Most AI Agent Memory Systems Are Broken, Here’s Why

Most AI Agent Memory Systems Are Broken, Here’s Why

A concise tour of Hermes Agent memory — MEMORY.md, USER.md, prefetch/sync, and when session search is not memory.

You’ve probably experienced it: an AI agent that feels brilliant for 20 minutes, then completely forgets everything the moment you close the tab. You come back the next day and it’s like talking to a stranger.

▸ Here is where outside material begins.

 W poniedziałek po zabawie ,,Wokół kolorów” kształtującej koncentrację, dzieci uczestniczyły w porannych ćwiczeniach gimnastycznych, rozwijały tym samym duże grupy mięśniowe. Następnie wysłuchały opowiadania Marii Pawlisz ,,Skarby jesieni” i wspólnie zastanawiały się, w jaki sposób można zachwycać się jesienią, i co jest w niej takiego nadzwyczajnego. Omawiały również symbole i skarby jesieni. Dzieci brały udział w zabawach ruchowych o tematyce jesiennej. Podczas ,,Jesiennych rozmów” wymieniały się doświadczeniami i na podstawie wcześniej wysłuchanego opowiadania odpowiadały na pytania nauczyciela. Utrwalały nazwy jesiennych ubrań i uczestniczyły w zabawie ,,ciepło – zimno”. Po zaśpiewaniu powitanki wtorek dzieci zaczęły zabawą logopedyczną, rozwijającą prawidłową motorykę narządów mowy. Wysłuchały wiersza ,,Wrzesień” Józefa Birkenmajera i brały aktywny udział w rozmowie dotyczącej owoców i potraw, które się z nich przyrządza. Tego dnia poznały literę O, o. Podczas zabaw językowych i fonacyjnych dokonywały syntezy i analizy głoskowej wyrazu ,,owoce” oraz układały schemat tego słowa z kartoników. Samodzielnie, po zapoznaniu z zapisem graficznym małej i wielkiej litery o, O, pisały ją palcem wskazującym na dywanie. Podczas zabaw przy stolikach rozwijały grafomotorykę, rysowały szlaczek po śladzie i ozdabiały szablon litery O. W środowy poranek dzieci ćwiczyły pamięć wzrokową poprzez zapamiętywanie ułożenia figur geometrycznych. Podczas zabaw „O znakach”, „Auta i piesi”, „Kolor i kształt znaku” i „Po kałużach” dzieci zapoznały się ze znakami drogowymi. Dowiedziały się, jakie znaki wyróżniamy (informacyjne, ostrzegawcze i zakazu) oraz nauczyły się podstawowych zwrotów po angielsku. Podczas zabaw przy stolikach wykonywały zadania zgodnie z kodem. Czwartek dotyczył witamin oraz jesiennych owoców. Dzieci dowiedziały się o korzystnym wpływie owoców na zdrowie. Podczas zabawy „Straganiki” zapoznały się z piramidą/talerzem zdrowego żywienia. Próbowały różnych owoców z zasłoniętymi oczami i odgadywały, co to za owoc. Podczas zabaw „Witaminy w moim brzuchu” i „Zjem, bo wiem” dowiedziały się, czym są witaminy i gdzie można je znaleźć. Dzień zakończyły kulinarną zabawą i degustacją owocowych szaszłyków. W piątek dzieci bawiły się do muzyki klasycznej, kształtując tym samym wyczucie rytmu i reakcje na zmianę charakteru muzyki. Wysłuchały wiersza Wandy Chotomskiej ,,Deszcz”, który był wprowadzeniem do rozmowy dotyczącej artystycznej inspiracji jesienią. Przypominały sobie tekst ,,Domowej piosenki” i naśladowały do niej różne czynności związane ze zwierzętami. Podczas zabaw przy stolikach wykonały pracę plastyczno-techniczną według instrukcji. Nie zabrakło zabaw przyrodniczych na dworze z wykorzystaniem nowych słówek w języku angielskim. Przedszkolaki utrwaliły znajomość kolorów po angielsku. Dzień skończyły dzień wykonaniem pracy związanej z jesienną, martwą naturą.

The industry’s response has been to build bigger and bigger memory systems — vector databases, knowledge graphs, retrieval pipelines. The problem isn’t that memory systems are too small. The problem is that they treat memory like a database instead of a brain.

Why This Matters

If your agent can’t remember your preferences, your project conventions, or mistakes it made last week, it’s not an agent — it’s a slightly smarter autocomplete. Every session starts from zero. Every correction has to be repeated. Every workflow has to be re-explained. That’s not a usability issue; it’s an architectural failure. And it compounds quickly: the more you rely on an agent, the more painful the amnesia becomes.

TL;DR

  • Hermes keeps persistent agent state in two capped files (MEMORY.md / USER.md) injected into the system prompt — curation by design, not an endless retrieval pile.
  • Memory runs in two layers: those files are always on; you can add exactly one external provider at a time for heavier retrieval and retention (Honcho, Hindsight, Mem0, etc.).
  • Each user turn is recall then store for external backends — prefetch context before the reply, sync dialogue afterward; the core files stay in the frozen prompt and do not go through prefetch.
  • Optional plugins expose recall_mode (automatic prefetch only, tools only, or both); session transcript search is a separate tool from long-term memory.
  • Bounded space plus consolidation beats infinite logs — forgetting noise is part of the design.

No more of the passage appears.